Anyway you want to perform an aggregation (sum) on multiple columns, and yeah the way to avoid repetition of groupby(['Date','Stock']) is to keep one dataframe, not try to stitch together two dataframes from two individual aggregate operations. Something like the following (I'll fix it once you confirm this is what you want):
def filter_first_UiD(g):
#return g.groupby('UiD').first().agg(np.sum)
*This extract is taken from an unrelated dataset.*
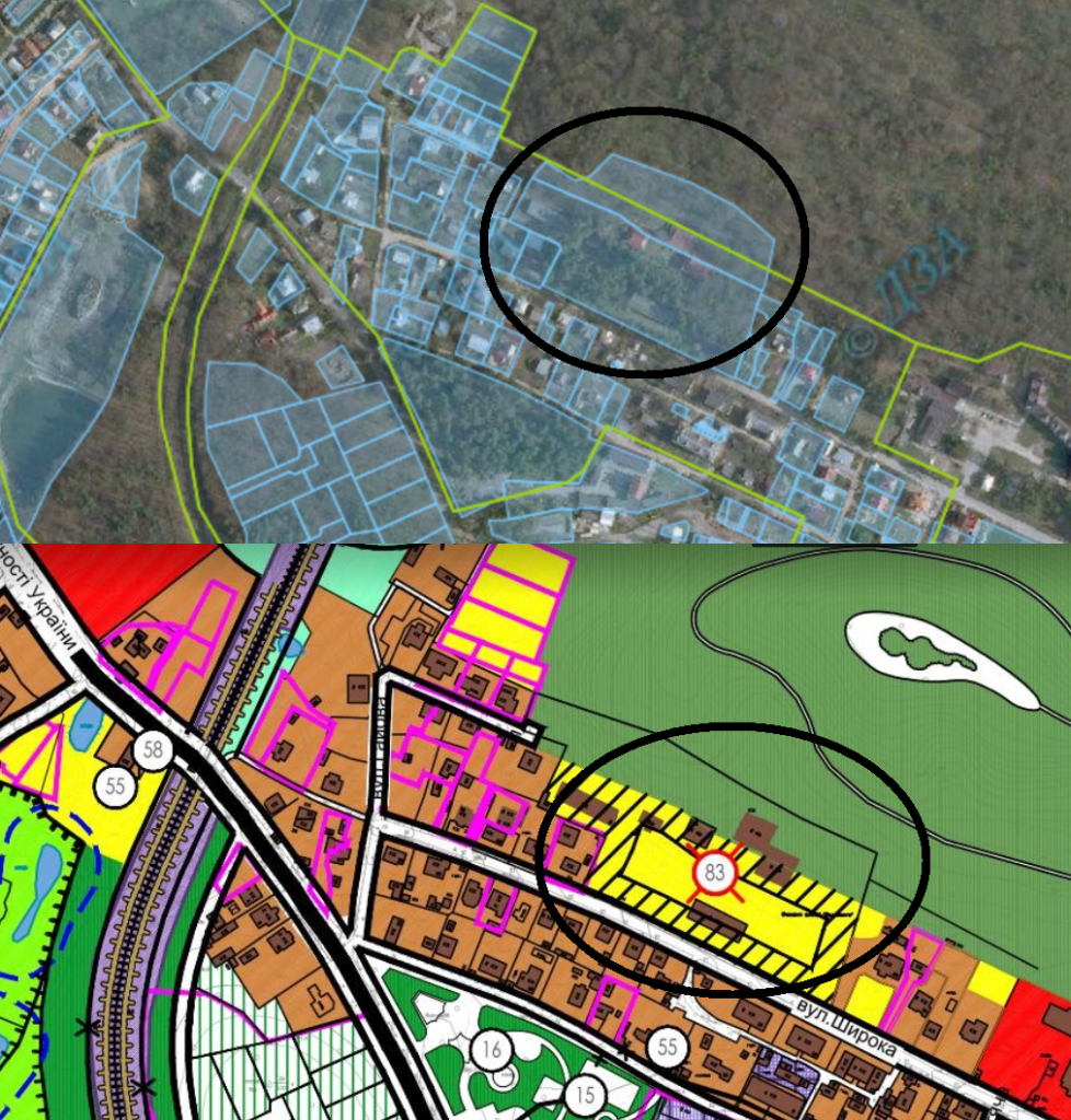 - Зверху – ділянки на Публічній кадастровій карті. Знизу на генплані селища

return g.groupby('UiD').first().agg({'Quantity':'sum', 'leg1':'sum'})
df1.groupby(['Date','Stock']).apply(filter_first_UiD)
The way I dealt with the last scenario of avoiding groupby to fail if ['Date','Stock'] contains 'UiD' as one of the keys or if ['Date','Stock'] is replaced by just ['UiD'] is as follows:
>>> df2 = pd.concat([dfg1['leg1'].sum(), dfg1[].first() if 'UiD' in `['Date','Stock']` else dfg1.apply(lambda x:x.groupby('UiD').first()).groupby(['Date','Stock']).apply(lambda x:np.sum(x['Quantity']))],axis=1)
But more elegant solution is still an open question.